On the administrative side, having not one but two children with this special need is a first for the district, says principal Tom Ralston.
While achondroplasia is the most commonly diagnosed form of dwarfism, it's still relatively rare, occurring in 1 of every 26,000 to 40,000 births. The district has provided stools in the classrooms, lavatory and cafeteria to help the boys reach things that are too high and provided some latitude in gym class when performing some of the tougher physical activities. Because the crush of students in the halls can be overwhelming, they're also allowed to exit the middle school at the end of the school day from the sixth-grade hall instead of the main entrance to avoid the "traffic jam" of 330 kids trying to get to their buses at the same time.
"The boys really want to be treated as normally as possible and to be allowed to do things on their own as much as possible," says Mr. Ralston.
The great thing about Avonworth, says their mother, Suzanne, is that it's small enough to allow that to happen. In a larger school district, she explains, her sons would have experienced a whole new set of youngsters feeding into the system from different elementary schools. Here, it's the same group of students moving up from elementary to middle school. That includes older sister Laura, who's in eighth grade.
In a funny way, Mrs. Graf admits, she's actually relieved her sons no longer have to interact with the elementary schools' kindergartners and first graders, because they're the ones who always gawked or refused to believe her sons were in a particular class.

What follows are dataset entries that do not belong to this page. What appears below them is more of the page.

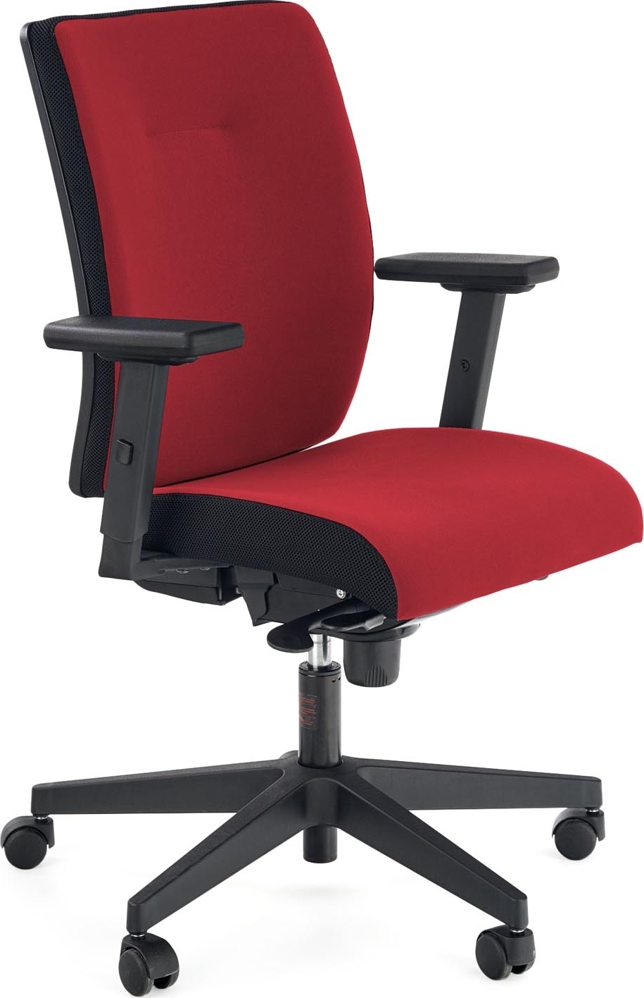 Kontorsstol med synkronmekanism, ställbar sits och ställbart armstöd.
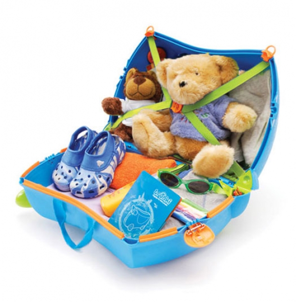 Trunki Terrance – оригинальный голубой детский чемодан, созданный для озорных детей, чтобы избавить их от скуки и усталости.
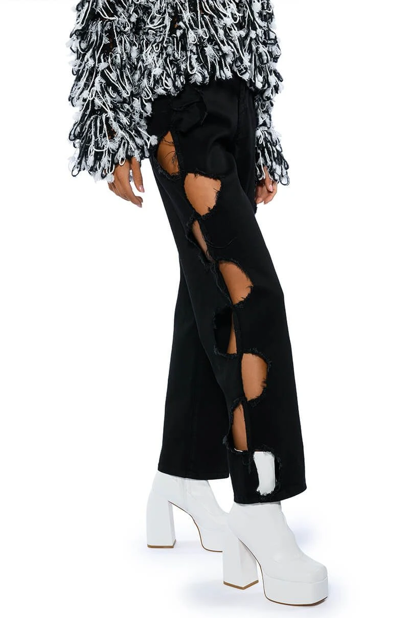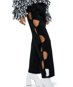 Whiteley Cut Out Relaxed Fit Jeans feature a stretch denim fabrication, a high rise waist, working belt loops, a classic five-pocket design, circular side cut out detailing, raw hem accents, and a straight leg fit. Complete with a front button and zipper closure.
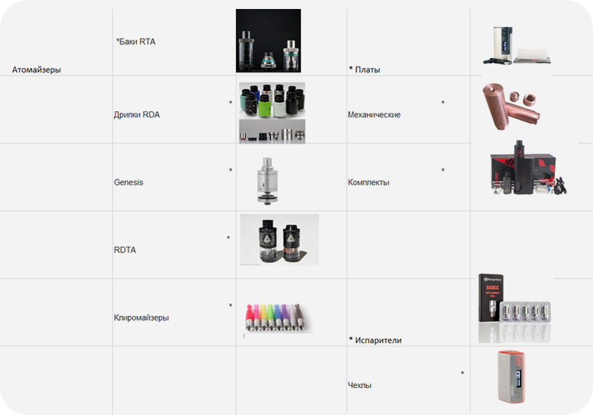 - Атомайзеры: Баки RTA, Дрипки RDA,  Genesis, RDTA, Клиромайзеры
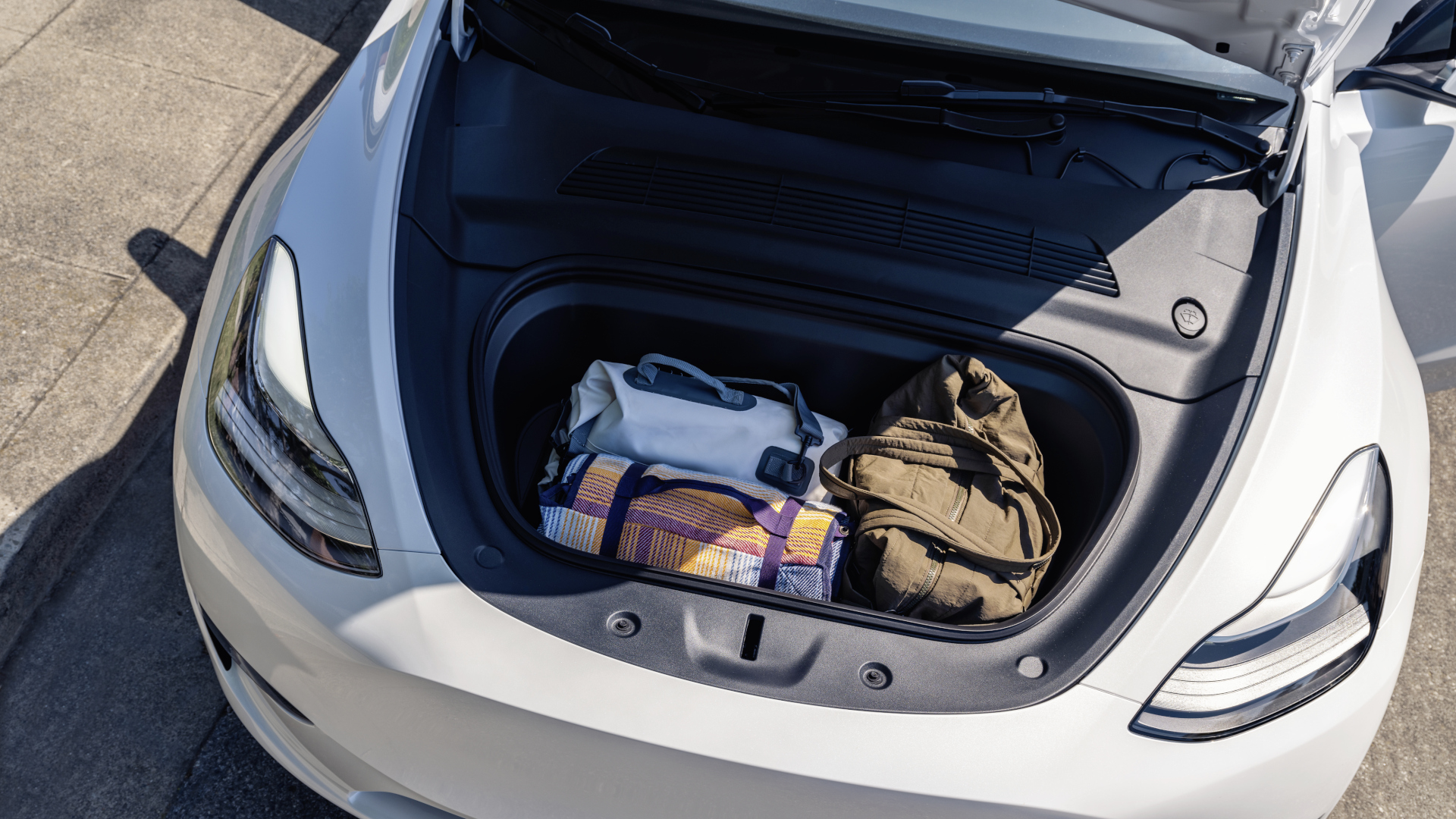 Im geräumigen Fach unter dem Kofferraumboden kommt noch mehr unter. Der für Elektroautos so typische Zusatzstauraum unter der Fronthaube, der „Frunk“ (ein Kunstwort aus „Front“ und „Trunk“, englisch: Kofferraum), ist so groß, dass neben den Ladekabeln auch noch eine Reisetasche Platz findet. Bei über 100 Litern liegt das Stauvolumen.

"It was always, 'You're too small to be in fifth grade or fourth grade or whatever,'" says Mrs. Graf, who, like her husband, John, graduated from Avonworth. The couple owns The Priory on the North Side.

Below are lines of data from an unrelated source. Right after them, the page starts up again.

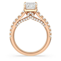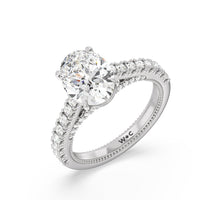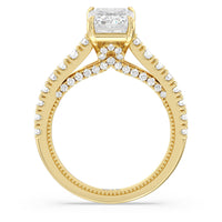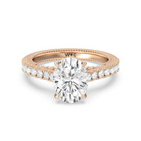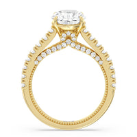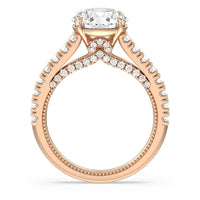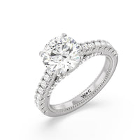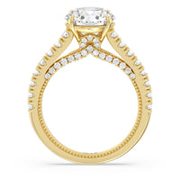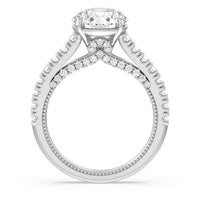 An undeniable showstopper, this diamond engagement ring boasts a crystal clear central diamond on an imposing cathedral shank. The band has its sides and bridge studded with glittering diamonds for a sparkle that never ends. With delicate swirls and a graceful shine, this stunner will resonate with classic brides-to-be who know elegance when they see it.
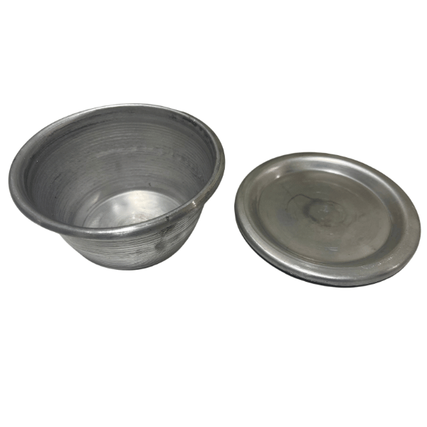 Enjoy deliciously steamed Moi-Moi in a convenient, reusable aluminum cup with a secure lid. Perfect for home or takeout, this cup helps retain the freshness and flavor of your favorite beans pudding.
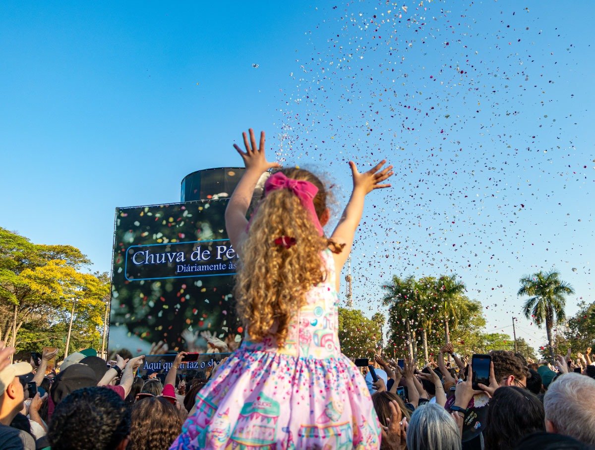 As crianças também se encantam com os cenários florais, a Parada das Flores e a famosa Chuva de Pétalas, que se tornaram símbolos do evento.
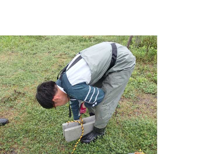 コンクリートブロックをアンカーとしてつけ、池に着水させます!!
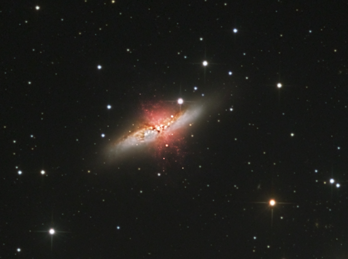 Da M 82 eine sehr schöne Galaxie ist, welche natürlich auch oft zu sehen ist, war ich gespannt, was ich mit meinen "lumpigen" 800 mm Brennweite an Details rausholen kann. Von 52 Luminanzen a 600 s habe ich 27 nach ADU und FWHM aussortiert und noch je 10 RGBs 2x2 bin hinzugefügt. Die Belichtung von H-alpha-Bildern brachte auf Grund schlechter Bedingungen nicht allzuviel, so dass diese das Ergebnis nur schlechter gemacht hätten. Wieder mit dem Resultat: "Ich benötige mehr Brennweite..."

"A couple of times, I had to approach the parent and gently say, your child doesn't understand what's going on, and point out how those comments hurt their feelings."

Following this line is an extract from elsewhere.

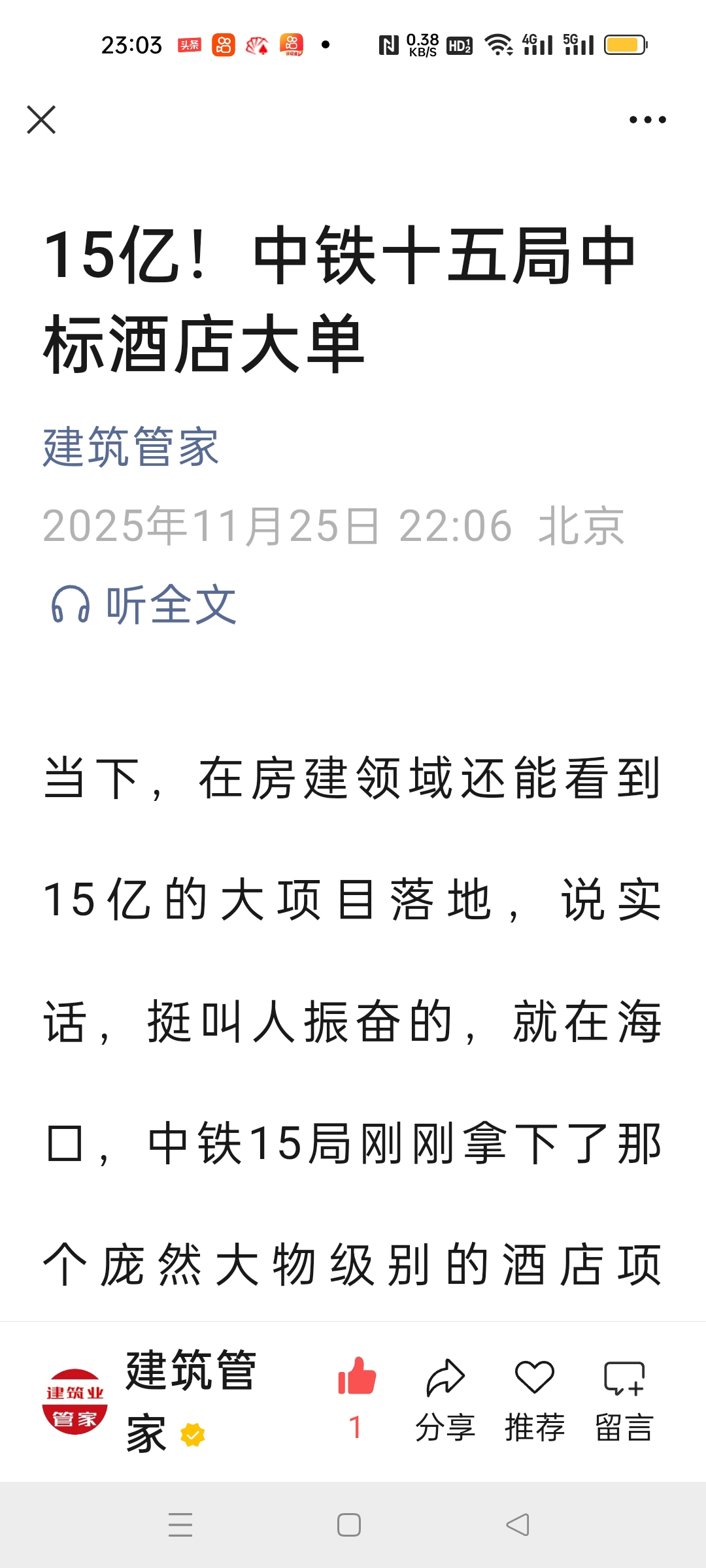 $中国铁建(SH601186)$ 铁建十五局又中标

Such understanding and acceptance will be important as the year progresses, because middle school is a challenging time for all kids -- both physically and emotionally.
As many changes take place during middle school, Mr. Ralston points out, as in any three years of their entire lives. Not only are they learning how to deal with others and to control emotions, which can swing from happy to sad to angry at a moment's notice, but their social world is rapidly expanding, thanks to all those surging hormones. Throw in more rigorous schoolwork, "and it's very difficult for them," he says.
They've always adapted well and are looking forward to other activities beyond hitting the books. Will hopes to play on the intramural basketball team this year and Max, a Boy Scout, will soon be starting drum lessons.
They're quickly learning the dos and don'ts associated with being a middle schooler, not to mention their place in the pecking order.
Take, for instance, the bus, which they catch each morning at the corner across from their house. Last year as the reigning fifth-graders, they got first dibs on the highly coveted back seat. And make no mistake, everybody wanted it.
"It was always the funnest part of the bus drive because we hit a lot of bumps and it threw us out of our seats," recalls Max fondly.
Yet this year, following the advice of neighbor Cooper Kusbit, who's a year older and wiser, both know not to even think about venturing in that direction. At least not if they want to get to school in one piece.
"In the very back, there's this one kid," explains Max. "And everybody knows he has 'his' seat."
Dare to take it, he says with a sigh of acceptance, "and he'll shove you around."